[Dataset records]
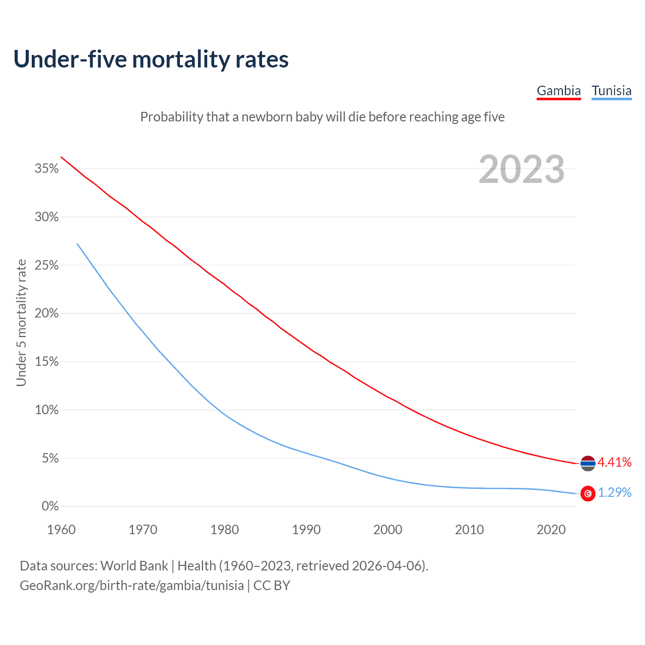 The chance that a newborn baby will die before reaching age five is 4.41% in the Gambia and 1.29% in Tunisia. Above is a chart with historical data on under-five mortality rates.
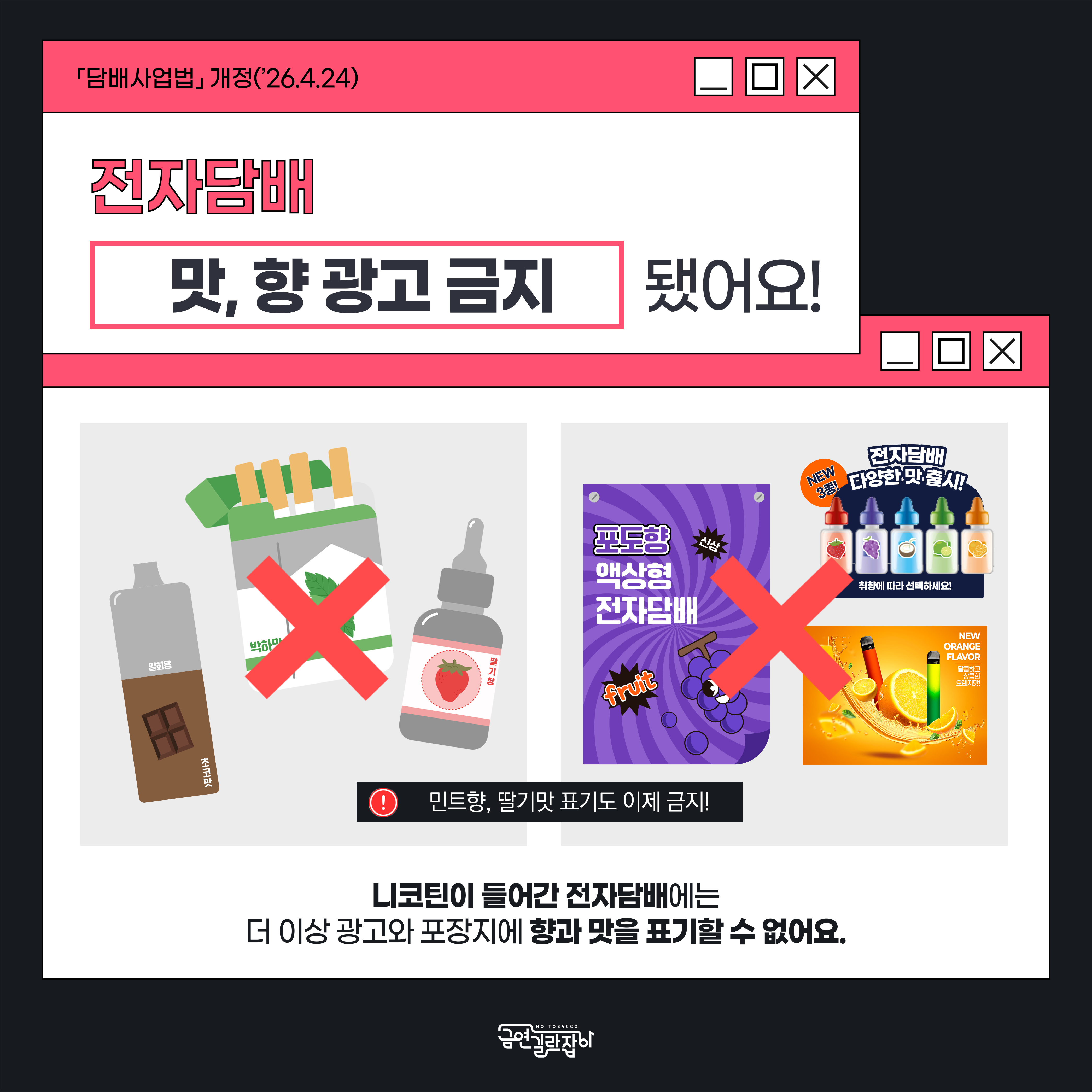 | 제목 | 니코틴이 있다면 모두 담배입니다(「담배사업법」 개정 시행일 26.04.24.) | ||
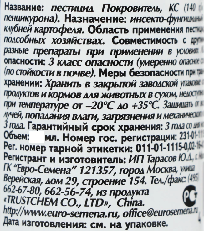 Покровитель – инсекто-фунгицидный препарат для обработки картофеля и других овощных, плодовых и цветочных культур от грызущих, сосущих вредителей, а также от болезней.
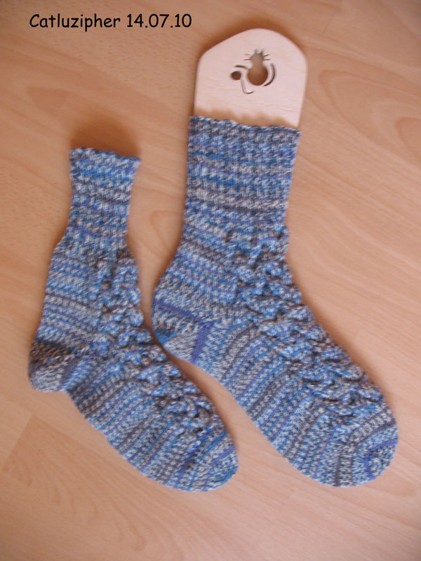 Bei diesen Socken durfte ich auch noch ein bisschen rechnen, da das Muster für eine dickere Wolle ausgelegt war, aber es passt, sitzt und wackelt.
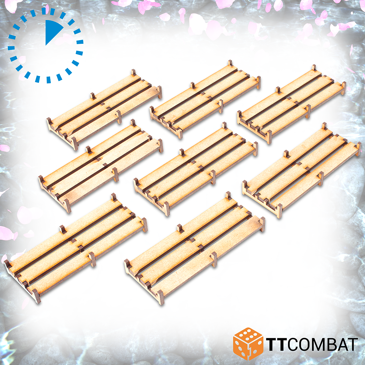 Cet ensemble contient huit sections de passerelle en bois. Idéal pour ajouter ce petit détail supplémentaire à une rizière ou sur une étendue d'eau peu profonde.
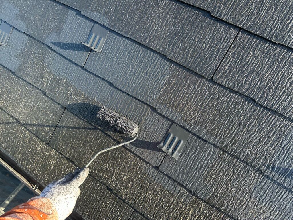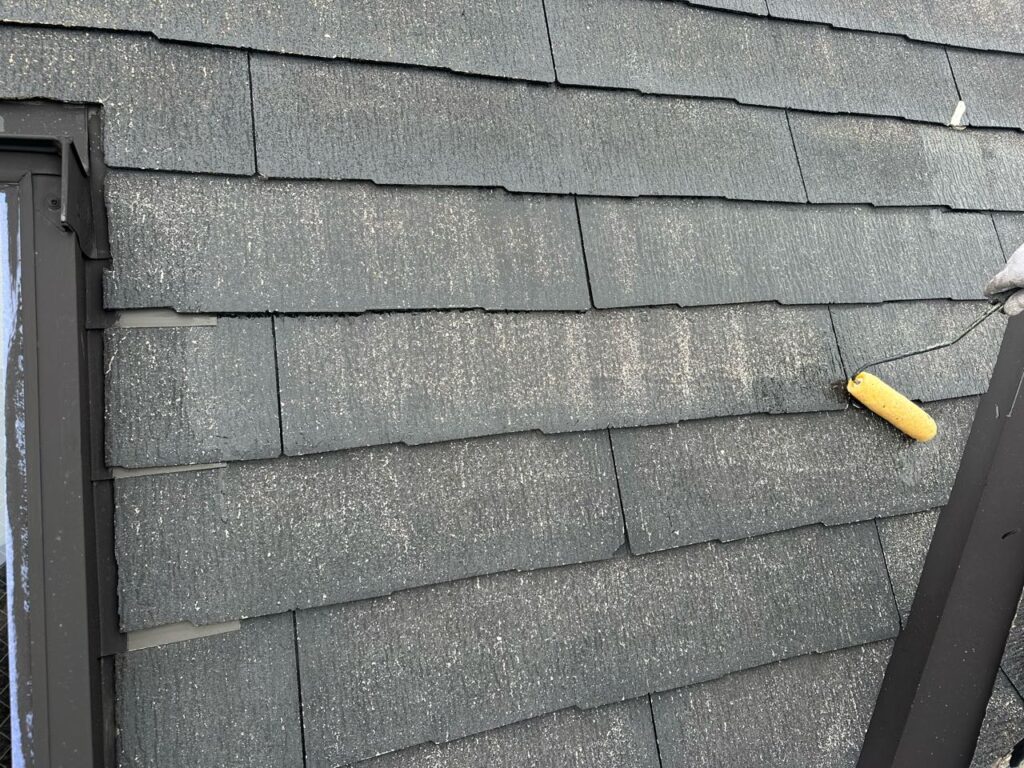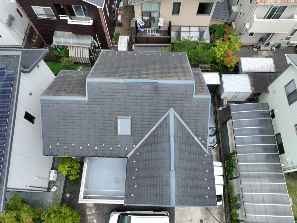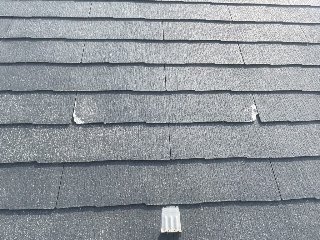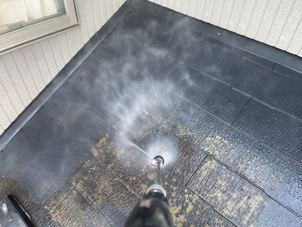 T様邸の屋根はスレート瓦。経年劣化による色褪せやコケなどが気になってきていました。まずは高圧洗浄でしっかりと汚れを落とします。
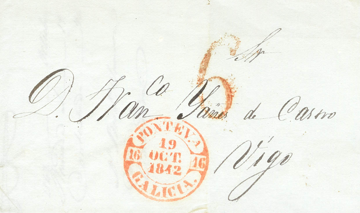 1842. PONTEVEDRA to VIGO. Baeza PONTEVA / 19-OCT-1842 / GALICIA, in red. MAGNIFICENT AND RARE, FIRST DATES OF USE OF THE BAEZA TYPE DATE IN PONTEVEDRA.
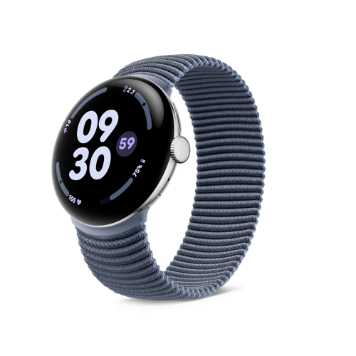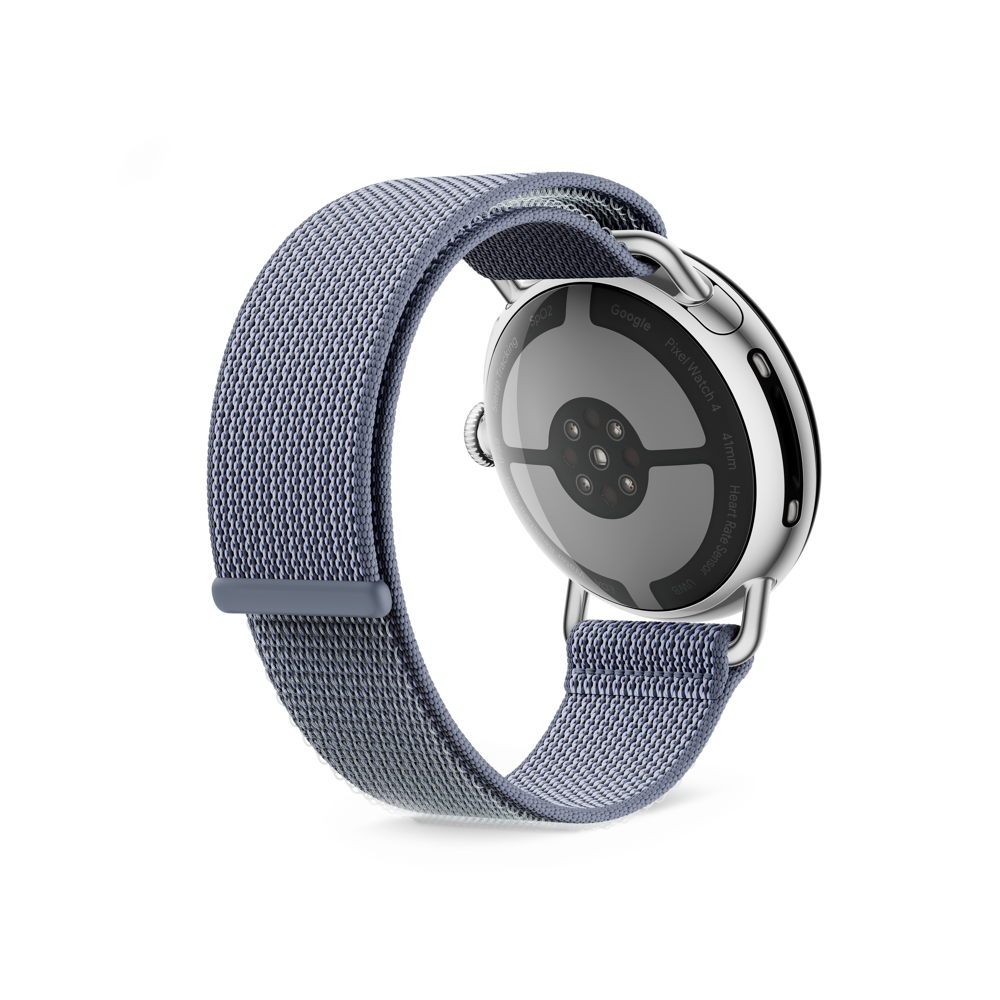 The Silver Pixel Watch 4, 41mm, with Woven band in Indigo.
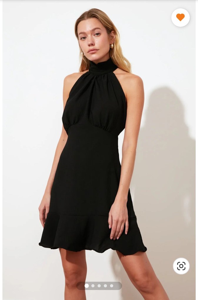 Siyah mini elbise, yüksek yakalı ve kolsuz tasarıma sahip. Etek kısmında fırfırlar bulunur. Sıkı kesimiyle cesur ve minimalist bir stil sunar.
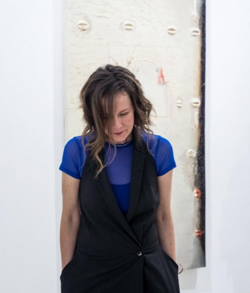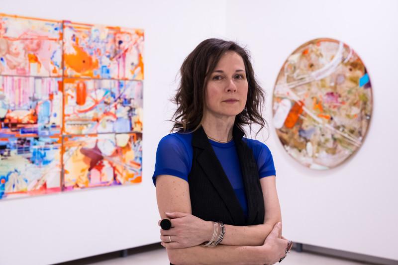 Menininkė Ieva Martinaitytė-Mediodia šalia paveikslo „Technoself“. Nerijaus Jankausko nuotr.
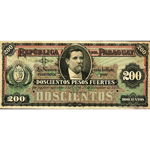 | Obverse lettering | REPÚBLICA DEL PARAGUAY La Nación reconoce este billete por DOSCIENTOS PESOS FUERTES 200 que pagará conforme á la Ley de 24 de Setiembre de 1894, por autorización. DOSCIENTOS (Translation: Republic of Paraguay The Nation recognizes this note for Two Hundred Pesos Fuertes That will pay according to the Law of September 24th., 1894 by authorization.) |
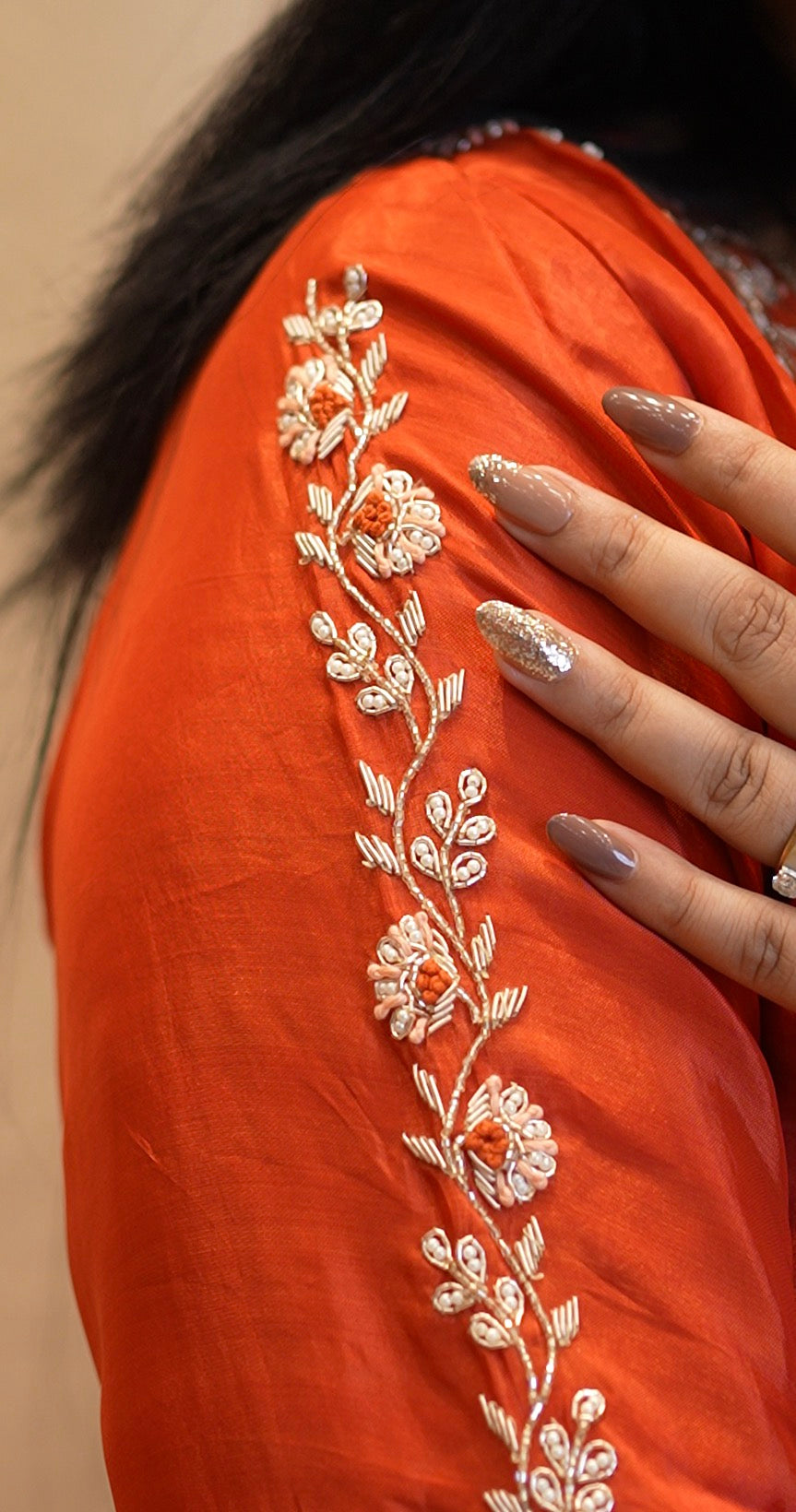 A stunning rust orange colour 3-piece suit crafted with elegant detailing. The outfit features exquisite zardozi and beats work, adding richness and traditional charm to the ensemble. Paired with a luxurious Banarasi dupatta, this set beautifully blends timeless craftsmanship with a sophisticated, festive appeal.
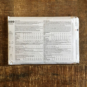 Back of Envelope shows corresponding bust, waist, hip sizes.
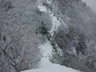 営林小屋から 取り付く。上へ行くにつれ 雪が多くなってくる。

▸ WHAT IS BEING ASKED
Your copy of the entries above must be exact and must not include pictures.

▸ PROBLEM SOLUTION
 The chance that a newborn baby will die before reaching age five is 4.41% in the Gambia and 1.29% in Tunisia. Above is a chart with historical data on under-five mortality rates.
 | 제목 | 니코틴이 있다면 모두 담배입니다(「담배사업법」 개정 시행일 26.04.24.) | ||
 Покровитель – инсекто-фунгицидный препарат для обработки картофеля и других овощных, плодовых и цветочных культур от грызущих, сосущих вредителей, а также от болезней.
 Bei diesen Socken durfte ich auch noch ein bisschen rechnen, da das Muster für eine dickere Wolle ausgelegt war, aber es passt, sitzt und wackelt.
 Cet ensemble contient huit sections de passerelle en bois. Idéal pour ajouter ce petit détail supplémentaire à une rizière ou sur une étendue d'eau peu profonde.
 T様邸の屋根はスレート瓦。経年劣化による色褪せやコケなどが気になってきていました。まずは高圧洗浄でしっかりと汚れを落とします。
 1842. PONTEVEDRA to VIGO. Baeza PONTEVA / 19-OCT-1842 / GALICIA, in red. MAGNIFICENT AND RARE, FIRST DATES OF USE OF THE BAEZA TYPE DATE IN PONTEVEDRA.
 The Silver Pixel Watch 4, 41mm, with Woven band in Indigo.
 Siyah mini elbise, yüksek yakalı ve kolsuz tasarıma sahip. Etek kısmında fırfırlar bulunur. Sıkı kesimiyle cesur ve minimalist bir stil sunar.
 Menininkė Ieva Martinaitytė-Mediodia šalia paveikslo „Technoself“. Nerijaus Jankausko nuotr.
 | Obverse lettering | REPÚBLICA DEL PARAGUAY La Nación reconoce este billete por DOSCIENTOS PESOS FUERTES 200 que pagará conforme á la Ley de 24 de Setiembre de 1894, por autorización. DOSCIENTOS (Translation: Republic of Paraguay The Nation recognizes this note for Two Hundred Pesos Fuertes That will pay according to the Law of September 24th., 1894 by authorization.) |
 A stunning rust orange colour 3-piece suit crafted with elegant detailing. The outfit features exquisite zardozi and beats work, adding richness and traditional charm to the ensemble. Paired with a luxurious Banarasi dupatta, this set beautifully blends timeless craftsmanship with a sophisticated, festive appeal.
 Back of Envelope shows corresponding bust, waist, hip sizes.
 営林小屋から 取り付く。上へ行くにつれ 雪が多くなってくる。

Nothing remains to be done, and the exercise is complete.